Pakt o nieagresji
Co politycy wiedzą o kulturze? Zabrzmi to okropnie, ale przestałam reagować. Nie wzrusza mnie już kolejny Kongres Obywateli Kultury, nie bardzo obchodzą postulaty Paktu, choć przecież – jako osobę zaangażowaną w to, co się w […]
Co politycy wiedzą o kulturze?
Zabrzmi to okropnie, ale przestałam reagować. Nie wzrusza mnie już kolejny Kongres Obywateli Kultury, nie bardzo obchodzą postulaty Paktu, choć przecież – jako osobę zaangażowaną w to, co się w kulturze dzieje – powinny.
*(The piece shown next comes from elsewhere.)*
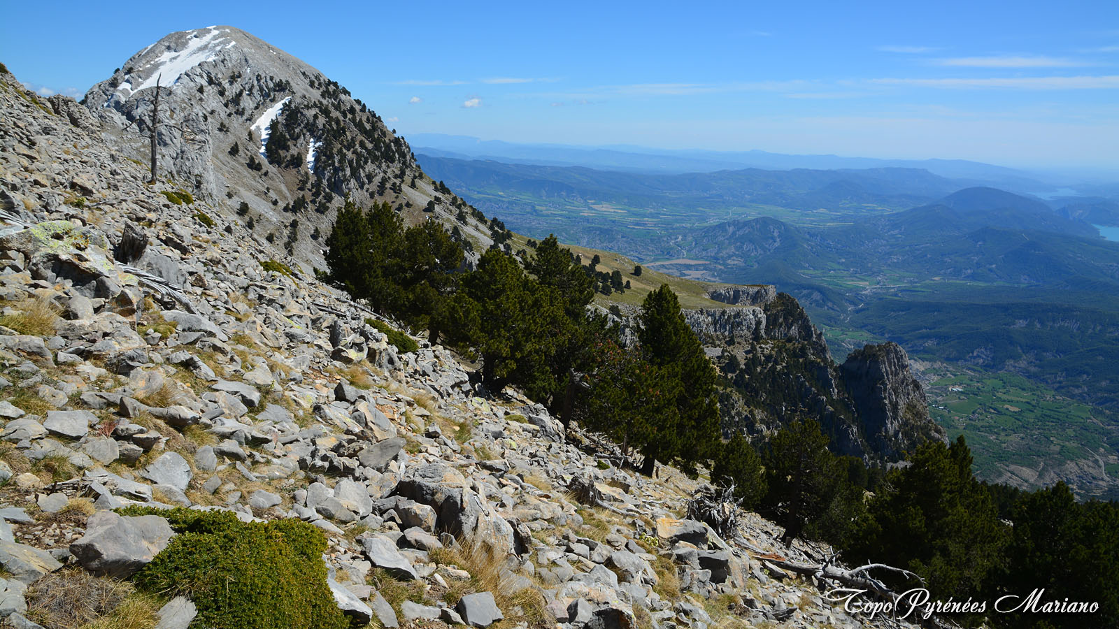 Après une descente dans le pierrier sur le fil de crête en douceur, le sentier est maintenant évident.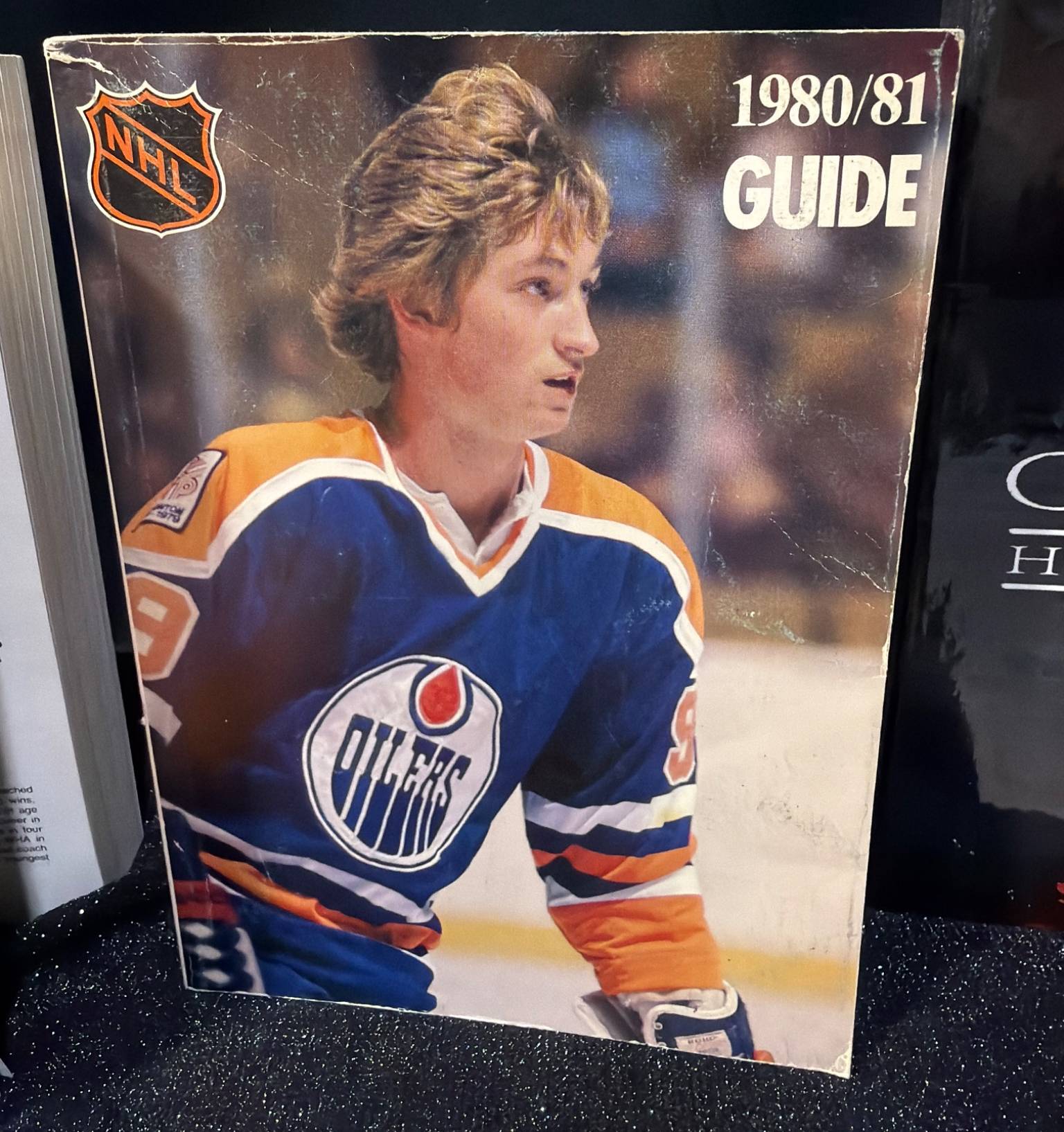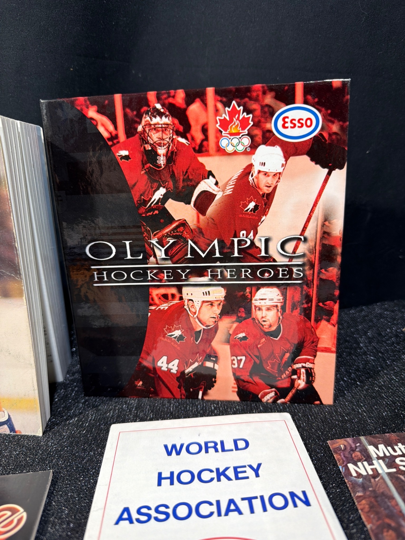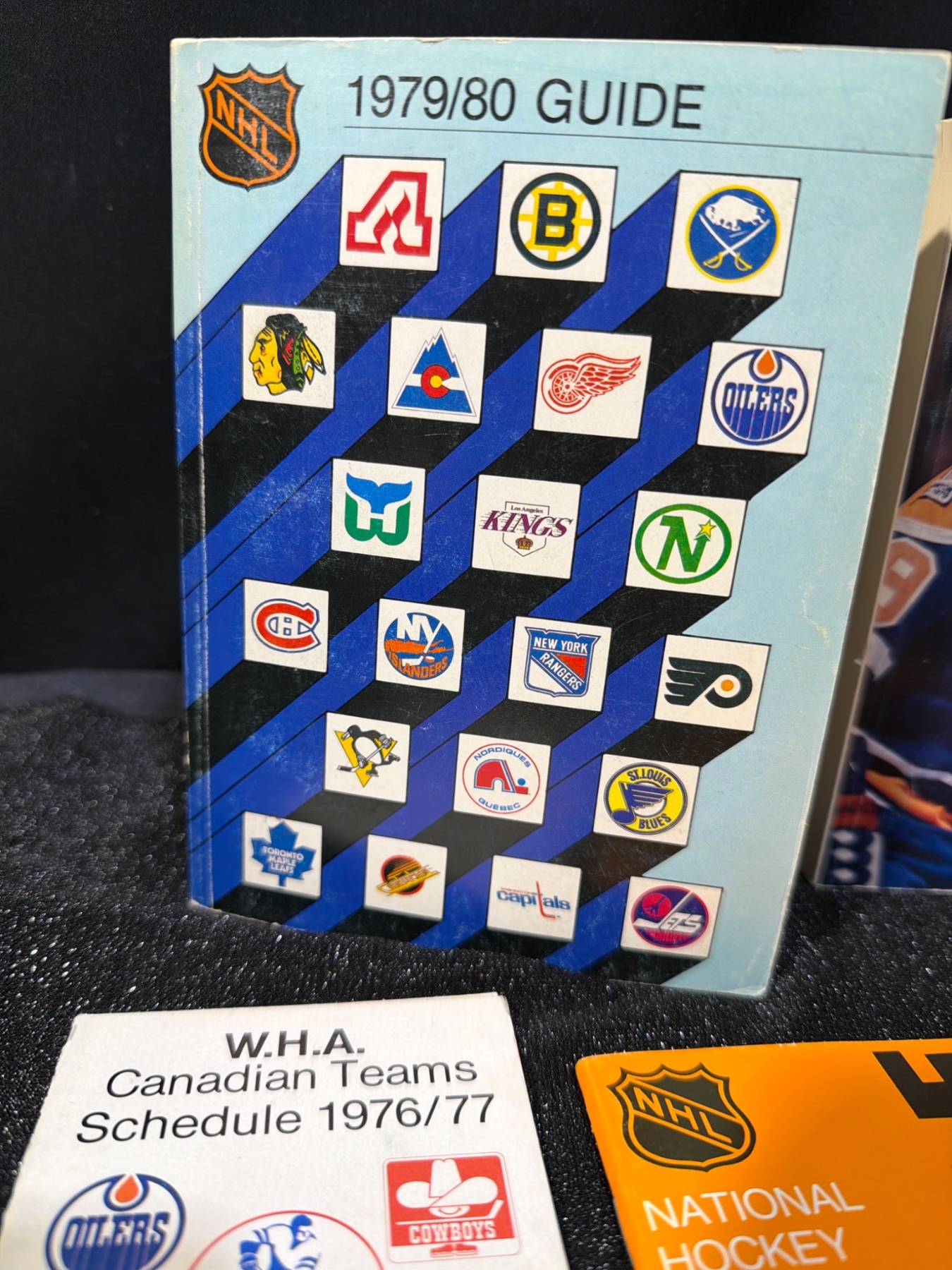 This curated collection offers a glimpse into iconic moments of hockey history, including NHL schedules (1976-1980), World Hockey Association guides, and vibrant team memorabilia. Items include two NHL Guides (1979/80, 1980/81) measuring approximately 8.5 x 11 inches each, over 50 hockey cards featuring star players of varying sizes (approx. 3.5 x 2.5 inches), and a Winnipeg Jets collectible hockey stick (approx. 24 inches long). Great for collectors and hockey history enthusiasts.

Mam jednak poczucie (które można uznać także za przejaw szerszego zmęczenia polityką w ogóle), że podpisanie Paktu niczego nie zmieni. Zostaniemy pogłaskani po głowach przez tych, którzy podejmują decyzję, ktoś coś komuś obieca (w końcu zaraz wybory), a sytuacja będzie taka jak dawniej.
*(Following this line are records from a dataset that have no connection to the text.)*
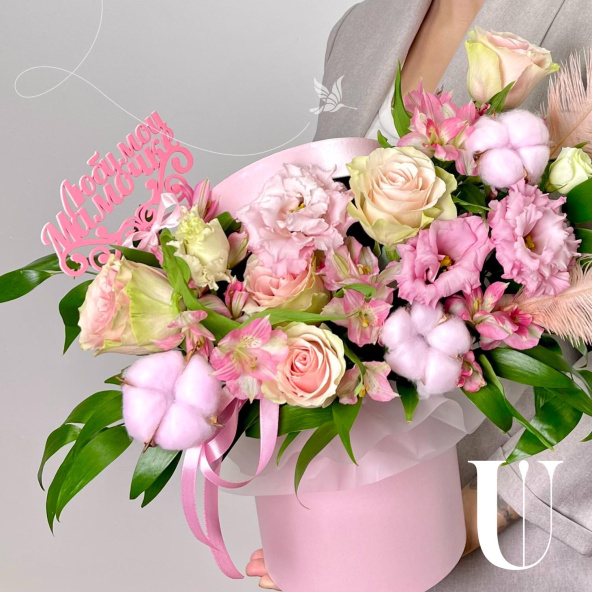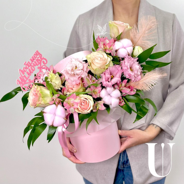 - Шляпная коробка маджестик (U), светло-розовая (выс. 18 см, диам. 16 см) - 1 шт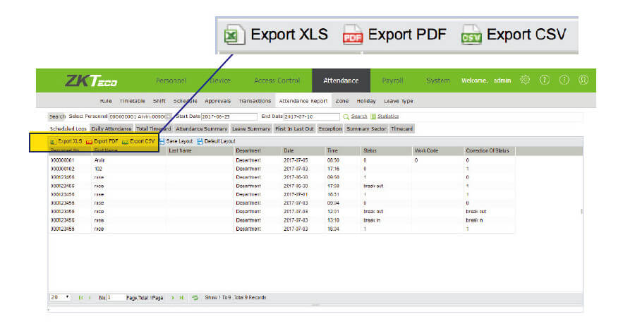 The attendance reports are calculated easily and can be exported in CSV, PDF, and XLS format.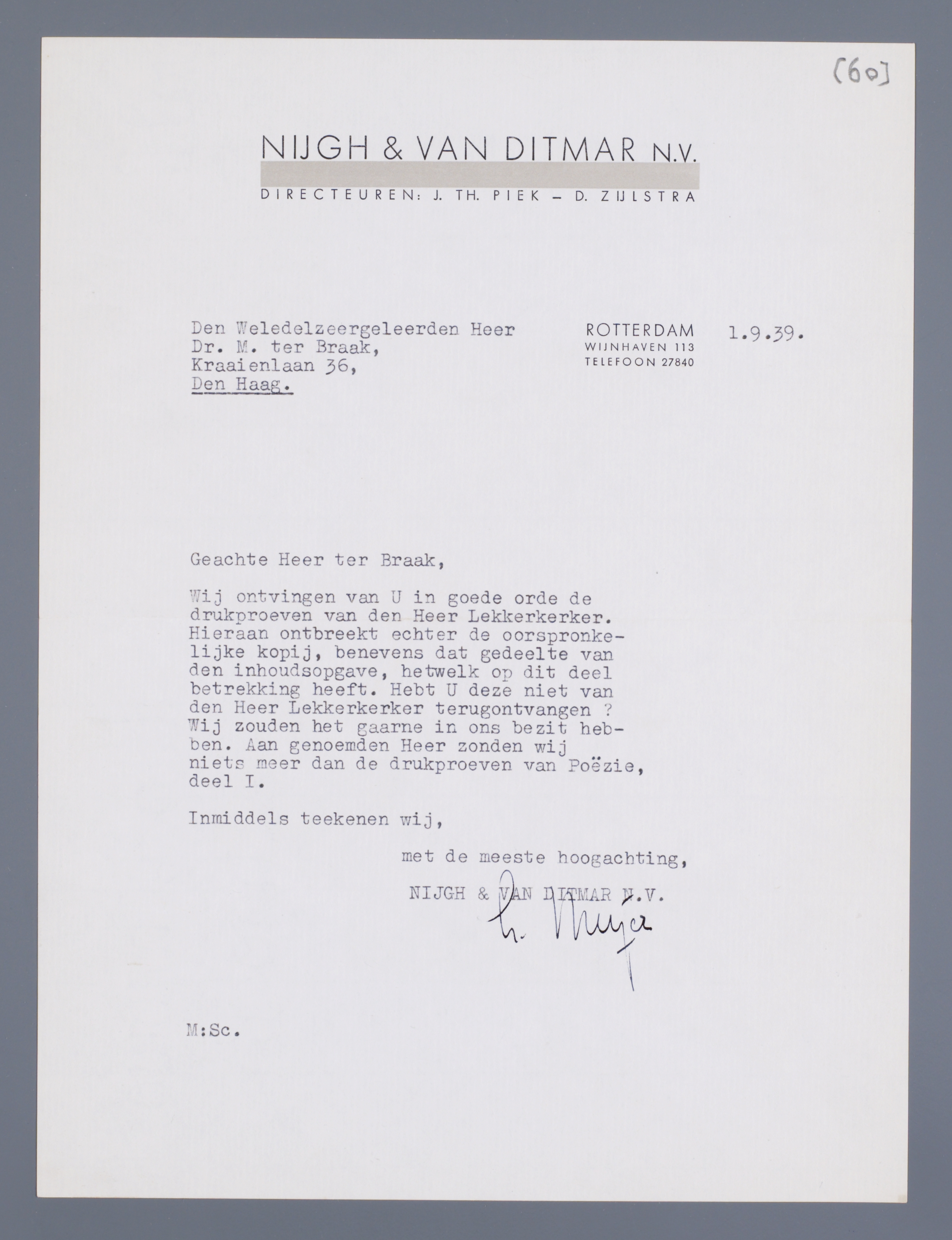 Wij ontvingen van U in goede orde de drukproeven van den Heer Lekkerkerker. Hieraan ontbreekt echter de oorspronkelijke kopij, benevens dat gedeelte van den inhoudsopgave, hetwelk op dit deel betrekking heeft. Hebt U deze niet van den Heer Lekkerkerker terugontvangen? Wij zouden het gaarne in ons bezit hebben. Aan genoemden Heer zonden wij niets meer dan de drukproeven van Poëzie, deel I.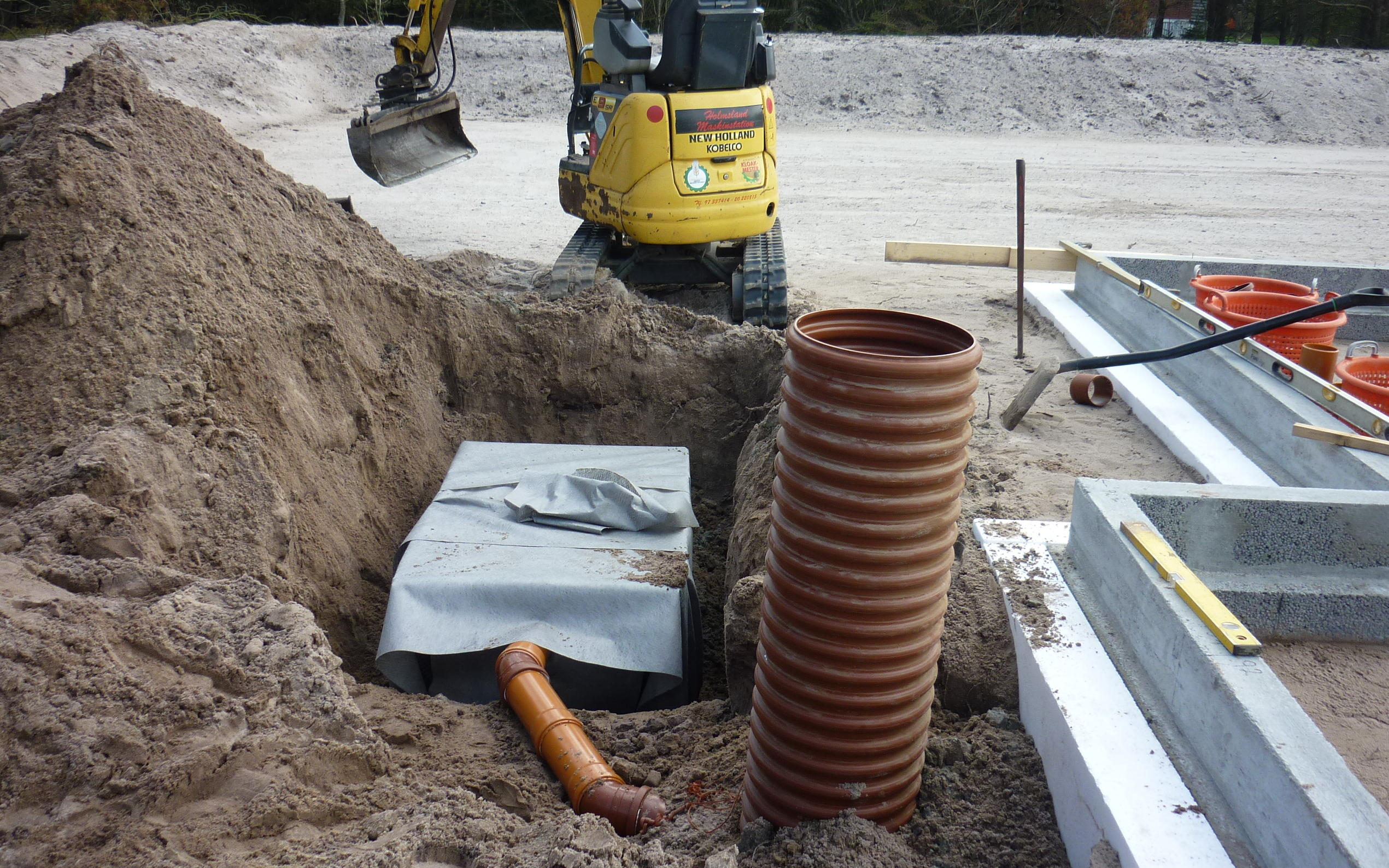 Tagvand og overfladevand føres til faskiner. Beholder hvor vandet opmaksimeres til det trækker i jorden.

Może to i lepiej, myślę sobie, bo mieszanie się polityków w życie społeczne kończy się zazwyczaj czymś gorszym niż problem, na który reagowali. Nie jest to zapewne zła wola prawodawców, lecz raczej nieznajomość rzeczywistości. Który z posłów pobierających stałą pensję przejmuje się tym, że reżyser nie dostanie honorarium za pół roku pracy, jeśli – nie z jego winy – nie dojdzie do premiery? A który bywa na wernisażach sztuki współczesnej, koncertach muzyki elektronicznej, wystawach designu? Który przyjaźni się z twórcami, którzy nie skończyli czterdziestego roku życia i nie mają kilku nagród na koncie, nie posiadają więc oficjalnego znaku jakości?
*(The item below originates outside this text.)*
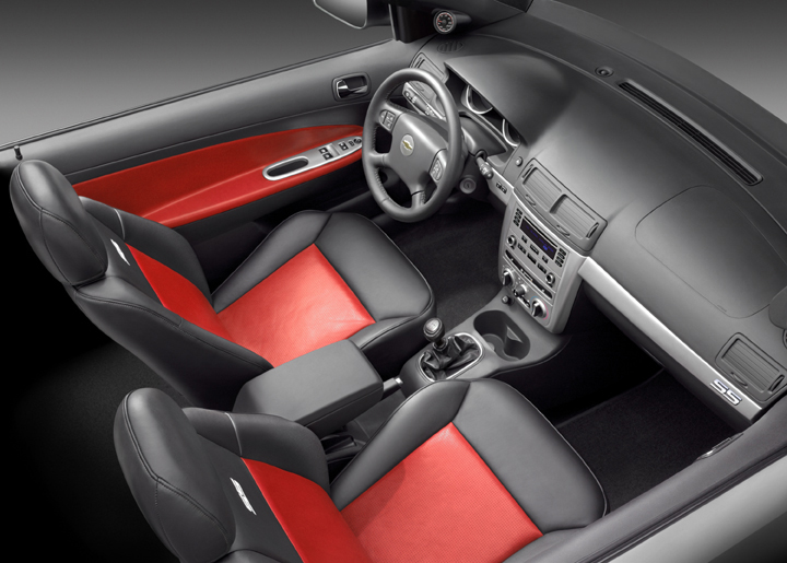 Cobalt base Standard content: 2.2L Ecotec engine 5-speed manual transmission FE1 suspension 15-inch wheels and tires Front disc/rear drum brakes CD radio Height-adjustable steering wheel Height-adjustable driver seat Remote trunk opener Intermittent wipers Floor mats AC with cabin filtration Optional equipment: 4-speed automatic transmission 4-channel ABS Spoiler XM Satellite Radio Uplevel CD radio Power locks with remote Cruise control Roof-rail air bags XM Satellite Radio (coupe only)Cobalt LS, LT (equipment in addition to or substituted for base content) Standard content: 4-speed automatic transmission (standard on LT only) 4-channel ABS Uplevel CD radio Power locks with remote Cruise control Power windows Heated leather seats (standard on LT only) Body-color power outside mirrors Sport cloth upholstery Trunk cargo net Optional equipment: 4-speed automatic transmission (standard on LT) Sunroof Spoiler XM Satellite Radio CD/MP3 uplevel radio Pioneer Premium Audio System with 7 speakers Heated leather seats (standard on LT) Sport Package(16-inch wheels, foglamps, spoiler, white-face gauges, leather wrapped steering wheel and shifter, bright exhaust tip) OnStar Roof-rail air bags SS Supercharged (equipment in addition to or substituted for LS and LT content) Standard content: 2.0 SC supercharged engine 5-speed heavy-duty manual transmission FE5 suspension 18-inch performance wheels and tires 4-wheel disc brakes with ABS Leather-appointed seats with color-keyed inserts Leather-covered steering wheel with radio controls Leather-covered shifter Foglamps Sport exhaust Wing-type spoiler Fascia and rocker extensions Unique instrument cluster A-pillar-mounted boost gauge Pioneer Premium Audio System with 7 speakers Optional content: Roof-rail air bags Sunroof XM Satellite Radio OnStar

Swego czasu ktoś mi opowiadał o programie ukulturalniania posłów – podobno przygotowuje się dla nich specjalne pokazy filmów i dyskusje w sejmie jakoś raz w miesiącu. Nie wiem, ile w tym prawdy, a ile środowiskowego żartu, ale reakcja była taka: i co, przychodzą? Niezależnie od prawdziwości anegdoty, informacja jest jasna: oto, co w środowisku tzw. twórców kultury myśli się o politykach. Zresztą – czemu się dziwić, skoro co chwilę widzimy jakiegoś posła na okładce „Faktu”, jak to sobie grilla robi albo opala się na plaży… Rzadko kiedy pojawia się fotografia polityka w galerii sztuki – no, chyba że trzeba akurat zaprotestować przeciwko obrazie uczuć religijnych. Dopóki będziemy mieć do czynienia z takim budowaniem wizerunku, nikt nie będzie traktował serio tego, co politycy mówią o kulturze współczesnej.
Kultura za friko
Brak mojej reakcji bierze się także ze świadomości, że przecież i tak się dzieje. Kto chce, to tworzy i działa, znajduje – jakimś cudem – pieniądze, środowisko artystyczne, przynajmniej w dużych miastach, funkcjonuje dość sprawnie. Co chwilę jest jakiś wernisaż, pokaz, wystawa, spektakl, koncert. Jedyny problem to taki, że wszystko kosztuje. Nawet jeśli można poczytać książkę w kawiarni, to przecież trzeba zapłacić za kawę… Ale zakładamy przecież, że ci, którzy chcą uczestniczyć w kulturze, mają na to pieniądze – albo znajomości, by dostać wejściówkę lub zostać wpuszczonym tylnym wejściem dla obsługi. Kręci się przecież, więc o co chodzi?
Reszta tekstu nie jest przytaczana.